38th FIS Alpine World Ski Championships
- Host city: Bormio and Santa Caterina, Italy
- Events: 11
- Opening: 28 January 2005
- Closing: 13 February 2005
- Opened by: Carlo Azeglio Ciampi

= FIS Alpine World Ski Championships 2005 =

Skiing event in Bormio, Italy

The FIS Alpine World Ski Championships 2005 were held from January 28 to February 13 in Bormio, Italy. The women's competition was held in neighboring Santa Caterina.

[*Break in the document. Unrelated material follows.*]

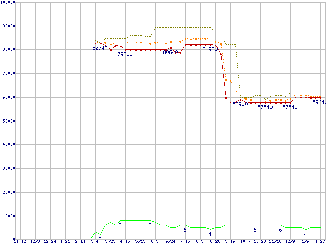 ※このグラフは過去のデータも税率5%相当に調整した税込み相当額のグラフです。 税率変更や、総額表示方式導入(2004年4月)の影響は除いています。 | | | ●凡例 | 最安値 (点線部は販売店未確認 または未調査) | 平均値 | 最高値 | ショップ数 |
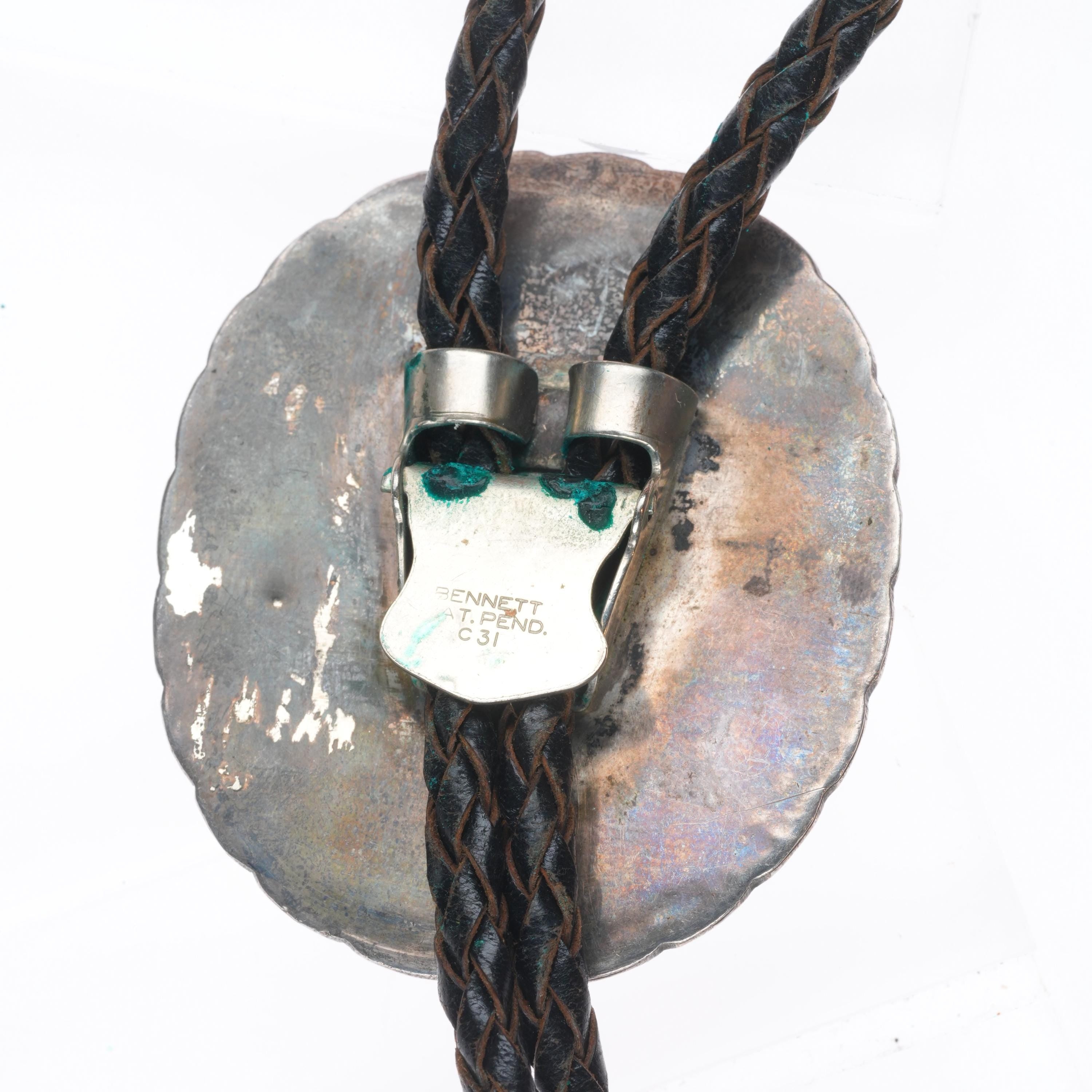 1960 c-31 Elliott Qualo Zuni sterling silver intarsia inlay Ghan dancer bolo tie

Bormio previously hosted the World Championships in 1985; other host cities in Italy include Cortina d'Ampezzo (1932, 1941 (unofficial), and 1956 (Winter Olympics)), Val Gardena (1970), and Sestriere (1997).

In northern Italy, Bormio is a regular stop on the World Cup circuit, usually for a men's downhill in late December. The Pista Stelvio is among the longest and most challenging downhill courses in the world, with a vertical drop exceeding 1000 m.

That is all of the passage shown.